Here are some strategies to handle this phase constructively:
1. Maintain Open Communication: Keep lines of communication open without being intrusive. Let your teen know you're available to talk whenever they're ready.
2. Respect Their Independence: Allow your teen to have their own space and make their own decisions. Support their growing independence while still providing guidance.
3. Be a Good Listener: When your teen does open up, listen actively and empathetically. Avoid jumping to conclusions or offering unsolicited advice immediately.
4. Set Clear Boundaries: While giving them space, ensure that rules and expectations are clear. Consistent boundaries provide a sense of security.
5. Encourage Shared Activities: Find common interests or activities that you both enjoy and use these moments to strengthen your bond.
6. Show Trust and Support: Demonstrate trust in their ability to make decisions and offer support for their interests and goals.
7. Be Patient: Understand that this phase is a normal part of development. Your teen is working on establishing their own identity, which can involve pulling away.
8. Model Positive Behaviour: Show healthy ways to handle stress and conflicts. Your behavior sets an example for how they might navigate their own relationships.
9. Address Conflicts Calmly: If conflicts arise, try to resolve them calmly and respectfully. Avoid escalating situations with anger or frustration.
10. Seek Professional Help if Needed: If you notice significant changes in your teen’s behavior or mental health, consider seeking advice from a counselor or therapist.

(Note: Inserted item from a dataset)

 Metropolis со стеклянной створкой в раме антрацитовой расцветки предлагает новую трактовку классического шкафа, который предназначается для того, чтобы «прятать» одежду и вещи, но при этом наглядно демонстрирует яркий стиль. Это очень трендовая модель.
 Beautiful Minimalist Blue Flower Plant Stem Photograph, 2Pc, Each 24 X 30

11. Encourage Peer Relationships: Support their friendships and social activities, which are important for their development and can also provide valuable social support.

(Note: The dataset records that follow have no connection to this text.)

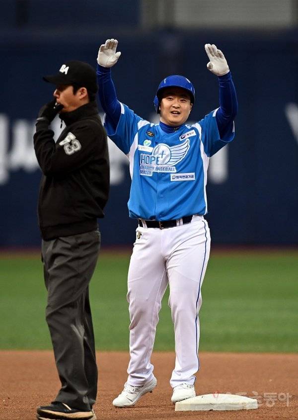 3일 서울 고척스카이돔에서 ‘2022 희망더하기 자선야구대회’가 열렸다. 1회초 종범신 팀 김재웅이 2루타를 날린 후 세리머니를 펼치고 있다.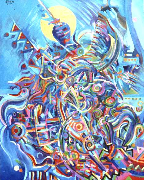 Estas pinturas se generan en un breve período de investigación pictórica y transición en la obra del pintor, donde podemos observar influencias y referencias formales y cromàticas al arte, la cultura y el paisaje hindúes.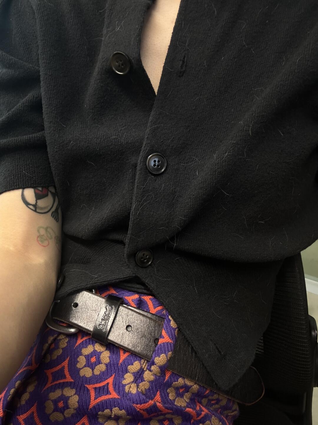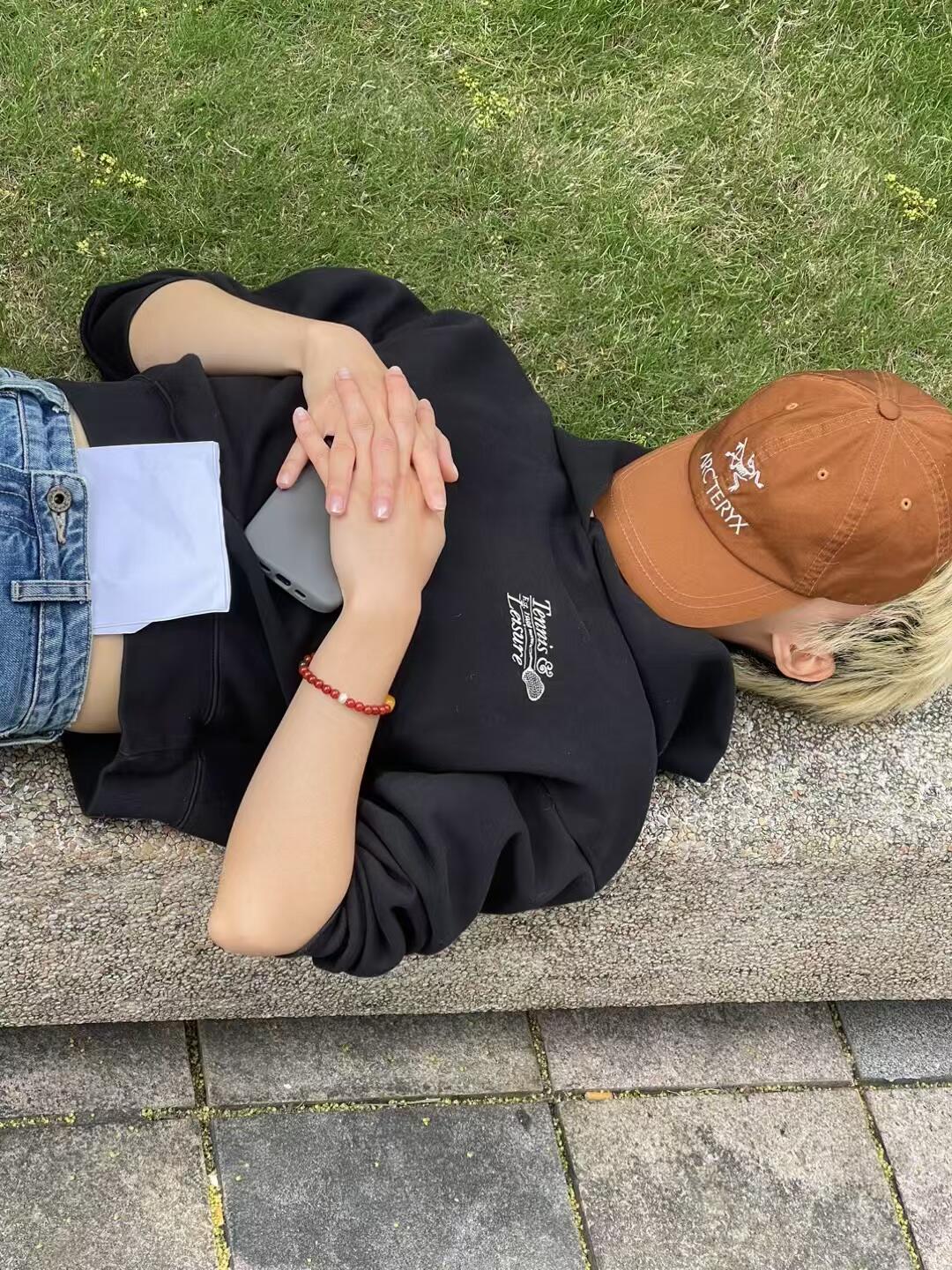 T恤里面套针织 头顶上面盖彩帽 皮扣腰间上戴 造型细节都在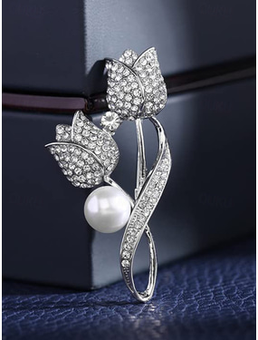 Broșă pentru femei cu imitație de diamant din aliaj – design floral elegant în aur și argint, perfectă pentru nunți și ocazii speciale
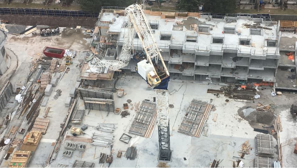 In Mississauga, a construction crane partially collapsed at a condo building under construction near Erin Mills and Eglinton.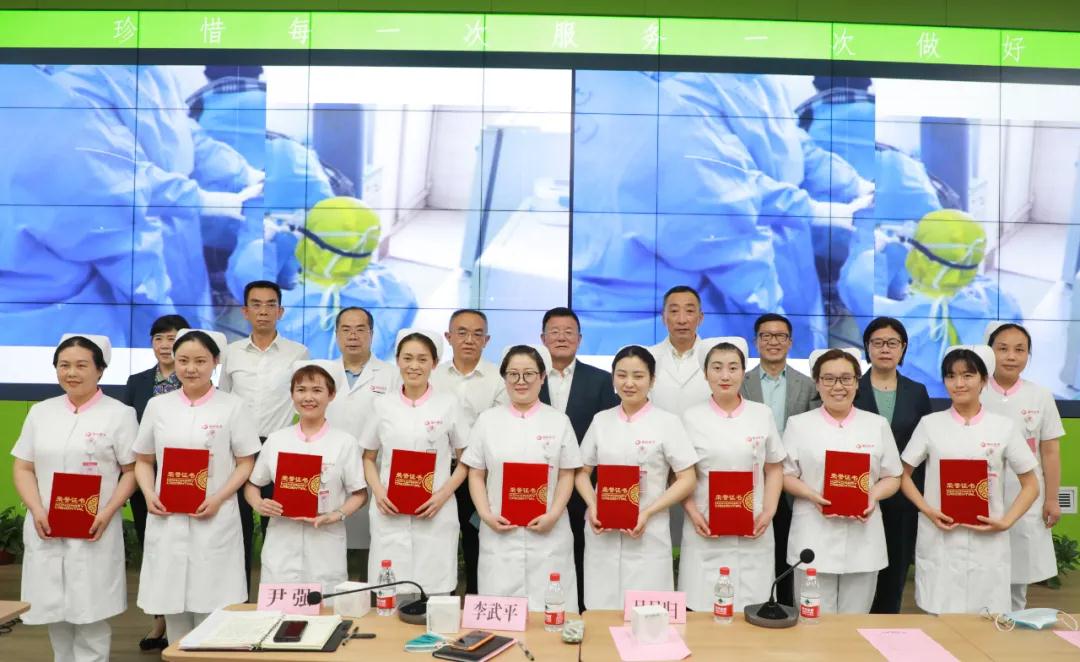 醫(yī)院領(lǐng)導(dǎo)為9名護(hù)理人員頒發(fā)了榮譽(yù)證書,并勉勵大家在今后的工作中,以嚴(yán)謹(jǐn)?shù)墓ぷ鲬B(tài)度、精湛的護(hù)理技術(shù)以及飽滿的精神和昂揚(yáng)的斗志,為廣大患者的生命健康保駕護(hù)航。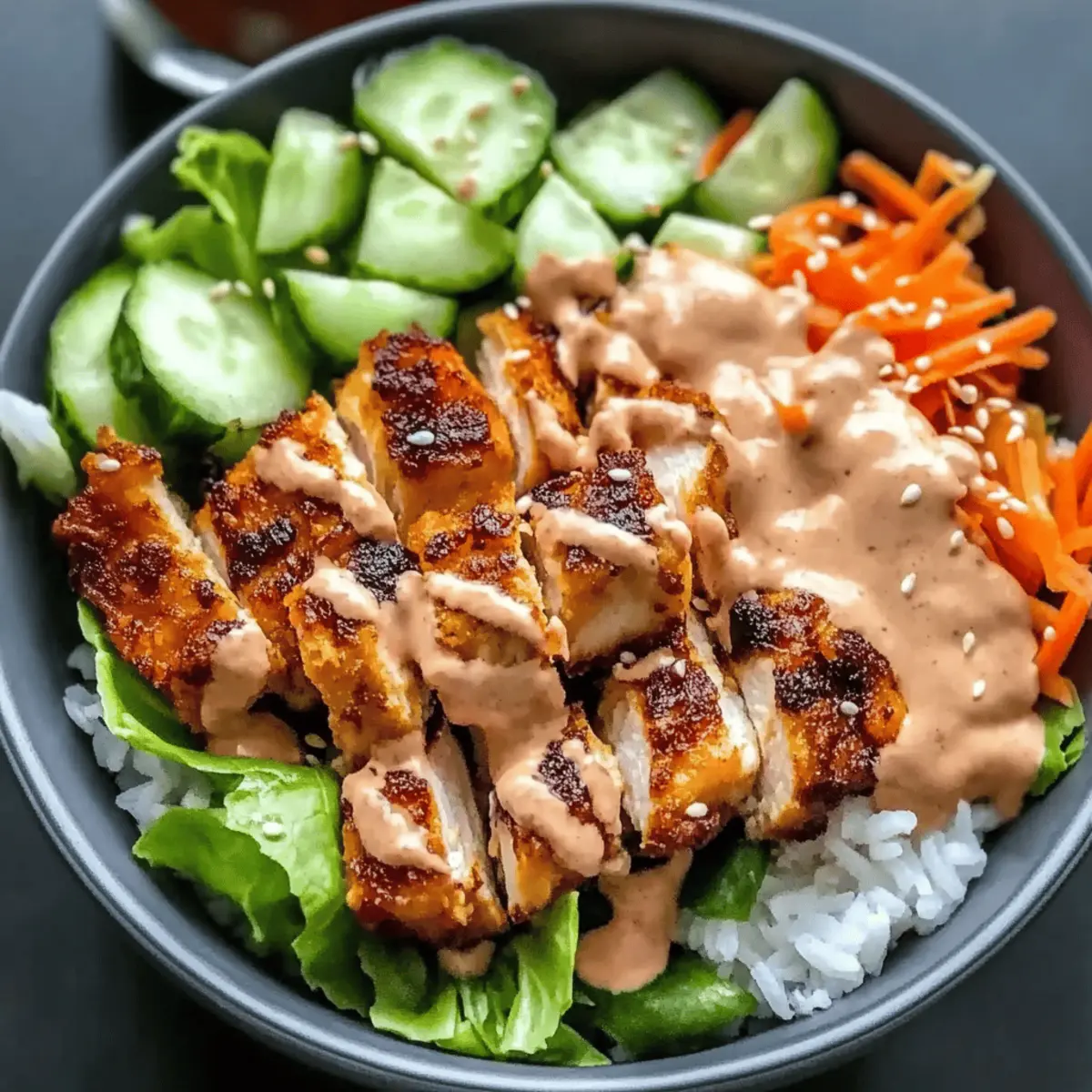 - Place jasmine rice at the bottom of the bowl. Layer with crispy chicken and top with lettuce, cucumber, carrots, and green onions.

12. Show Unconditional Love: Reinforce that your love and support are constant, even if they seem distant or independent.

They’re still your kids, even if the dynamics are changing. And when they come back to you—whether with a funny story, a problem they need advice on, or just a quick chat to check in—you’ll realize that the connection was never truly lost.
Navigating this period requires a balance of respect, patience, and understanding. By fostering a supportive and trusting relationship, you can help your teen through this transitional phase while maintaining a strong connection. It’s a bittersweet journey, but it’s part of the beautiful, heartbreaking, and ultimately rewarding process of being a parent. The conversations may fade, but the love remains, quietly enduring through all the stages of their lives. Just as a moon waxes and wanes, it is no less present...you just have to have the patience until it presents itself again.
In the meantime, consider embracing the change. Don't let rigidity trap you. Discover new interests or hobbies, reconnect with friends and purpose, rediscover pockets of time that were previously held for hands on parenting. Be gentle with yourself.